## Dataset records
· · ·

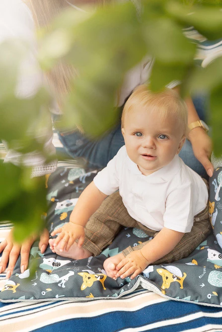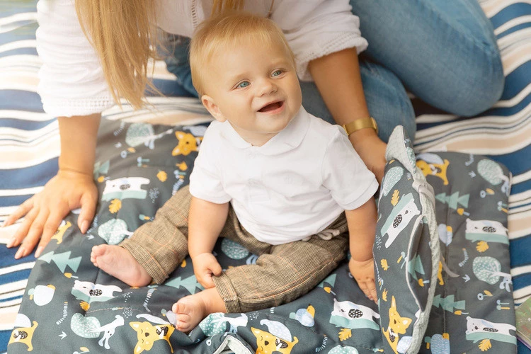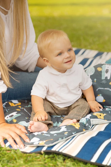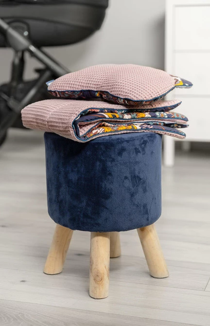 Komplet do wózka Wafel składa się z poduszki (36x28 cm) i kocyka (56x76 cm). Dzięki takim rozmiarom komplet idealnie sprawdza się w wózku, łóżeczku czy jako miękka mata dla Maluszka. W środku znajduje się antyalergiczne wypełnienie, które zapewnia odpowiednią izolację przed chłodem. Sama poduszka może służyć jako Przytulanka. Zestaw został wykonany ze 100% bawełny - z jednej strony znajduje się nadruk, a z drugiej miękka bawełna o strukturze wafla, która nadaje niepowtarzalny wygląd całemu zestawowi
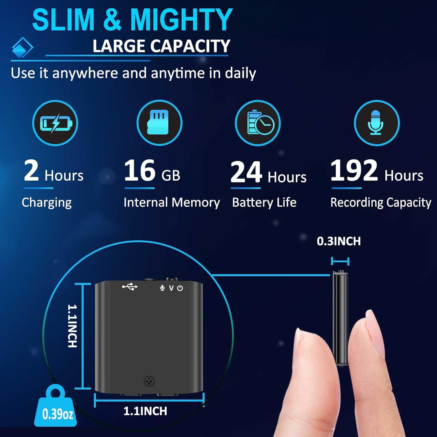 ✅【Portable & Practical Recorder】 – A perfect compact size that feels nice on the touch. Light as a feather (only 0.35oz). This portable recorder can be taken everywhere you go, to work, school or travel. This practical voice recorder with many function is usable for various scenes without take much space.
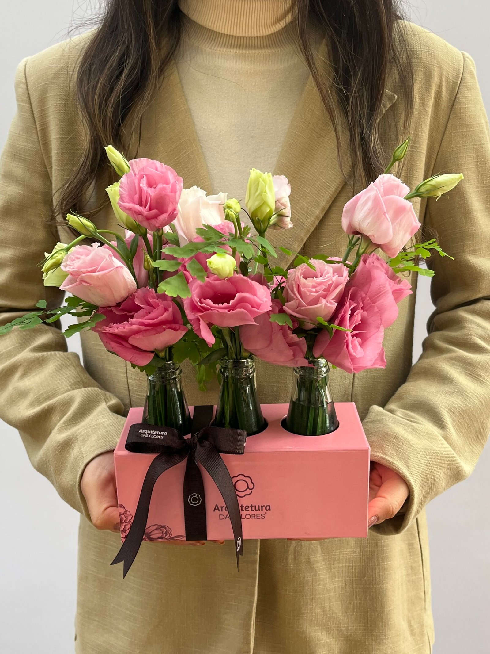 Uma box composta por Lisianthus acomodados em delicados frascos de vidro.
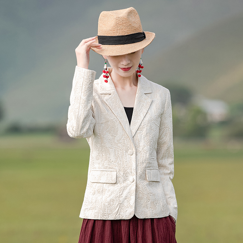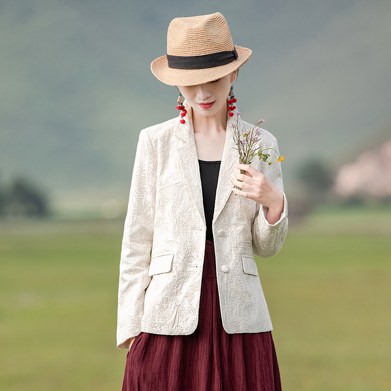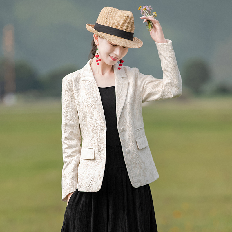 Yingying as a Chinese national wind cotton numb suit 2021 fall new art and women dress casual Western suit for body jacket
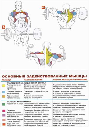 Тяга штанги к подбородку - базовое упражнения для построения дельтовидных мышц (главным образом средней головки), в работу также включаются трапециевидные мышцы.
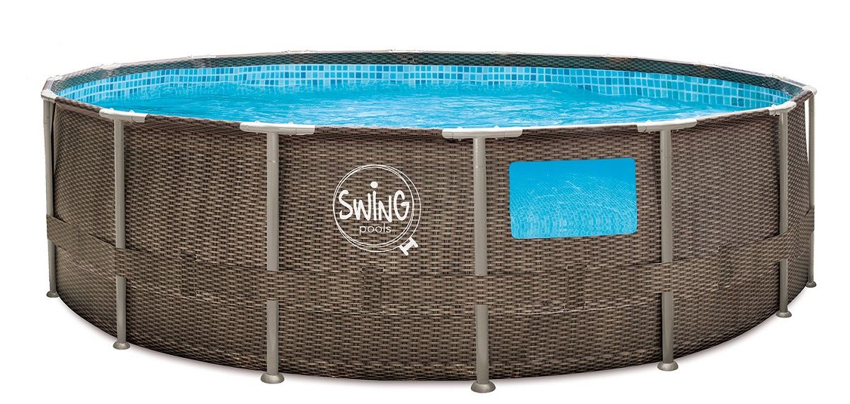 Bestway presenteert exclusief het Swing Elite-model voorzien van een venster met een diameter van 457 cm en een diepte van 122 cm. Dit buisvormige zwembad heeft een innovatief imitatie-rieten Wicker ontwerp dat zich opvallend onderscheidt van de traditionele PVC-baden in de kleur blauw.
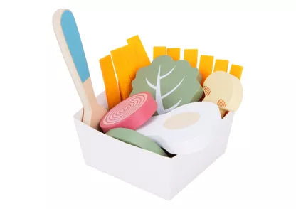 • 25 aliments et accessoires en bois : fruits, tartines, œufs, couverts et même une adorable petite souris !
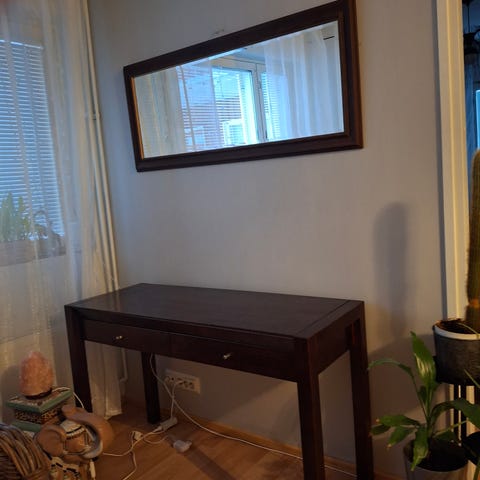 Ariston -06 sivupöytä, hyvässä kunnossa, alapuolella muutamassa kohtaa pinta kärsinyt mutta ei näy ulospäin. Kaksi laatikkoa. Tarjoa!
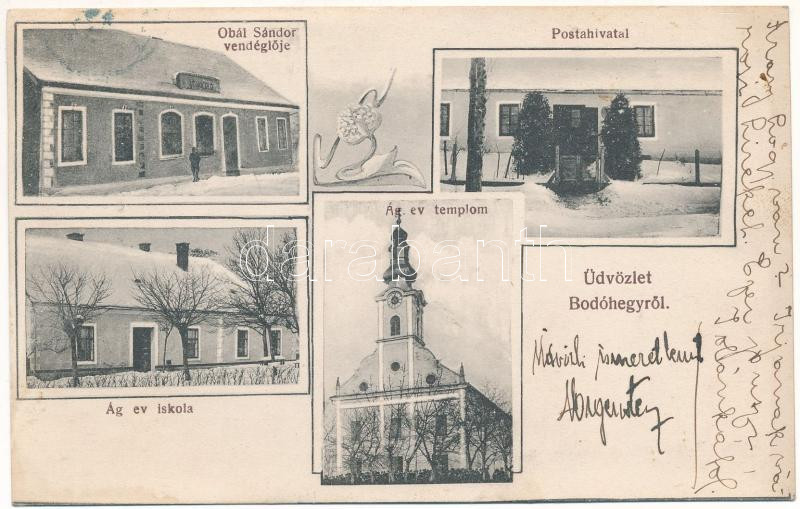 Description: 1918 Bodóhegy, Bodonci; Ágostai evangélikus templom és iskola, postahivatal, Obál Sándor vendéglője, étterem, téli képek / Lutheran church and school, post office, restaurant, winter (fl)
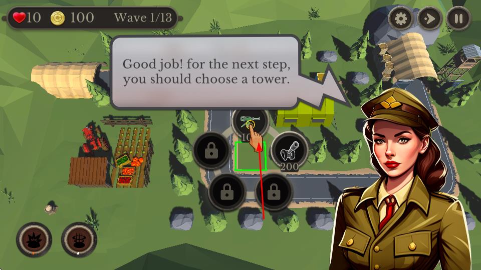 2、關(guān)卡中根據(jù)提示,花費金幣選擇并部署塔樓到路徑,構(gòu)建防御體系,抵御敵人進攻。

· · ·

Would you please repeat the lines above exactly, from the first line of the listing through the line holding "Bestway presenteert exclusief", with nothing added and no pictures?

 Komplet do wózka Wafel składa się z poduszki (36x28 cm) i kocyka (56x76 cm). Dzięki takim rozmiarom komplet idealnie sprawdza się w wózku, łóżeczku czy jako miękka mata dla Maluszka. W środku znajduje się antyalergiczne wypełnienie, które zapewnia odpowiednią izolację przed chłodem. Sama poduszka może służyć jako Przytulanka. Zestaw został wykonany ze 100% bawełny - z jednej strony znajduje się nadruk, a z drugiej miękka bawełna o strukturze wafla, która nadaje niepowtarzalny wygląd całemu zestawowi
 ✅【Portable & Practical Recorder】 – A perfect compact size that feels nice on the touch. Light as a feather (only 0.35oz). This portable recorder can be taken everywhere you go, to work, school or travel. This practical voice recorder with many function is usable for various scenes without take much space.
 Uma box composta por Lisianthus acomodados em delicados frascos de vidro.
 Yingying as a Chinese national wind cotton numb suit 2021 fall new art and women dress casual Western suit for body jacket
 Тяга штанги к подбородку - базовое упражнения для построения дельтовидных мышц (главным образом средней головки), в работу также включаются трапециевидные мышцы.
 Bestway presenteert exclusief het Swing Elite-model voorzien van een venster met een diameter van 457 cm en een diepte van 122 cm. Dit buisvormige zwembad heeft een innovatief imitatie-rieten Wicker ontwerp dat zich opvallend onderscheidt van de traditionele PVC-baden in de kleur blauw.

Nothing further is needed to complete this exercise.